◆ DIRECTIONS FOR THIS TASK ◆
Could you transcribe every entry below exactly, leaving out the pictures?

◆ RECORDS SHOWN ◆
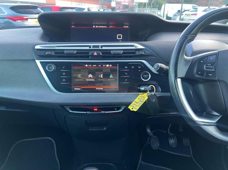 This 2019 Citroen Grand C4 SpaceTourer Feel boasts a full service history, offering peace of mind for its next owner. This versatile 7 seater is powered by an efficient 1.2 litre petrol engine and meets Euro 6 emissions standards. Inside, you'll find automatic digital dual zone air conditioning for personalised comfort, along with front and rear parking sensors to aid manoeuvring. Stay connected on the go with Bluetooth handsfree and media streaming, complete with a USB socket, and enjoy seamless smartphone integration through Mirror Screen with MirrorLink and Apple CarPlay..
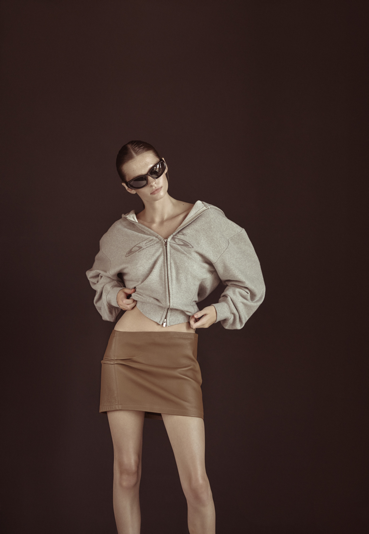 - Zip hoodie and skirt from JADE CROPPER F/W ’25 look 1
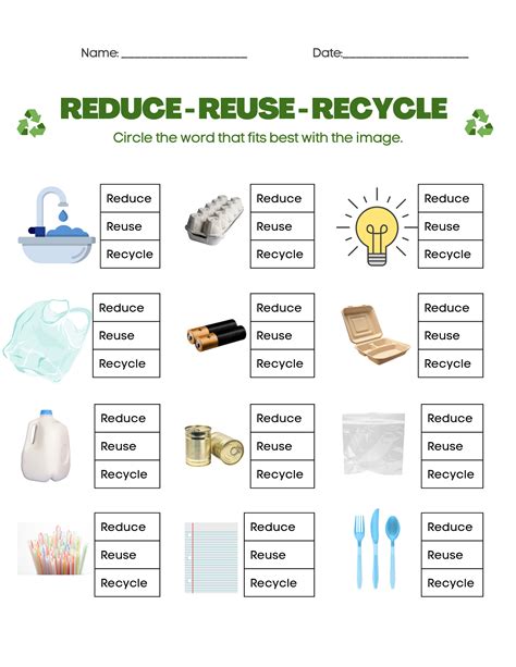 reduce reuse recycle worksheets pdf worksheet environments worksheets
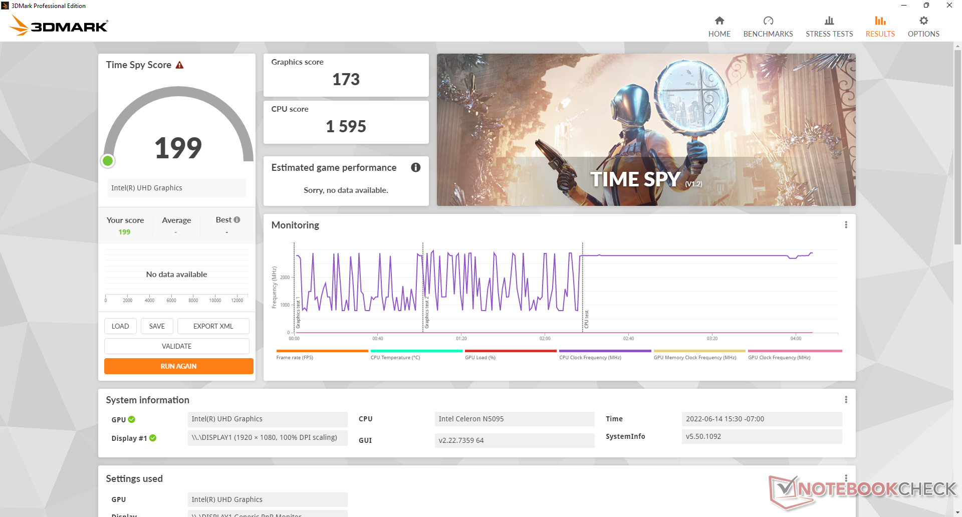 El rendimiento gráfico es pobre con resultados que están por debajo incluso de los antiguosUHD Graphics 620 en más de un 50%. No esperes poder ejecutar ni siquiera los juegos 3D menos exigentes, ya que este mini PC en particular fue diseñado más bien para el streaming de vídeo FHD o 4K.
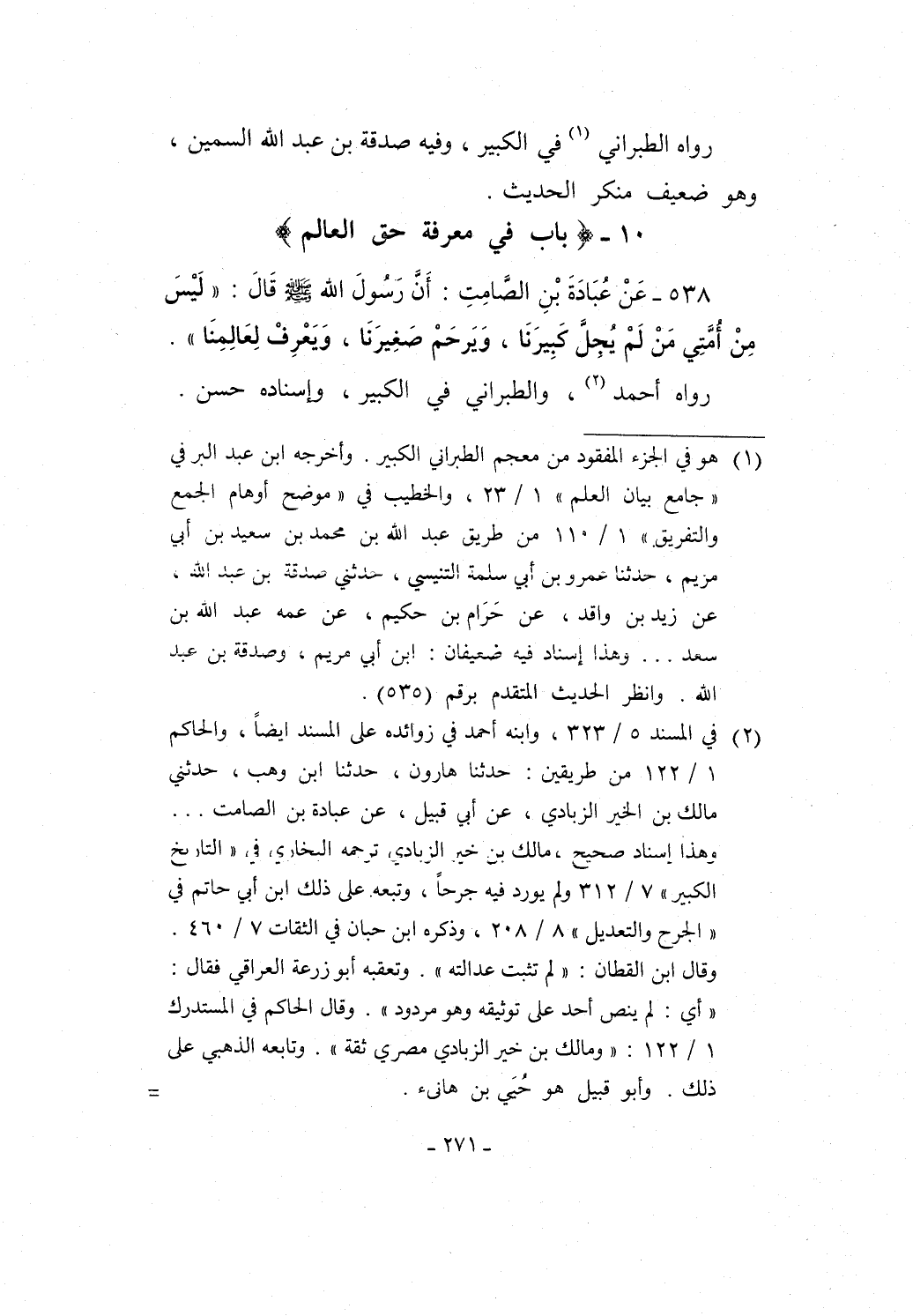 538 - عَنْ عُبَادَةَ بْنِ الصَّامِتِ: أَنَّ رَسُولَ الله - صلى الله عليه وسلم - قَالَ: "لَيْسَ مِنْ أُمَّتِي مَنْ لَمْ يُجِلَّ كَبِيرَنَا، وَيَرحَمْ صَغِيرَنَا، وَيَعْرِفْ لِعَالِمِنَا".

◆ RESPONSE ◆
 This 2019 Citroen Grand C4 SpaceTourer Feel boasts a full service history, offering peace of mind for its next owner. This versatile 7 seater is powered by an efficient 1.2 litre petrol engine and meets Euro 6 emissions standards. Inside, you'll find automatic digital dual zone air conditioning for personalised comfort, along with front and rear parking sensors to aid manoeuvring. Stay connected on the go with Bluetooth handsfree and media streaming, complete with a USB socket, and enjoy seamless smartphone integration through Mirror Screen with MirrorLink and Apple CarPlay..
 - Zip hoodie and skirt from JADE CROPPER F/W ’25 look 1
 reduce reuse recycle worksheets pdf worksheet environments worksheets
 El rendimiento gráfico es pobre con resultados que están por debajo incluso de los antiguosUHD Graphics 620 en más de un 50%. No esperes poder ejecutar ni siquiera los juegos 3D menos exigentes, ya que este mini PC en particular fue diseñado más bien para el streaming de vídeo FHD o 4K.
 538 - عَنْ عُبَادَةَ بْنِ الصَّامِتِ: أَنَّ رَسُولَ الله - صلى الله عليه وسلم - قَالَ: "لَيْسَ مِنْ أُمَّتِي مَنْ لَمْ يُجِلَّ كَبِيرَنَا، وَيَرحَمْ صَغِيرَنَا، وَيَعْرِفْ لِعَالِمِنَا".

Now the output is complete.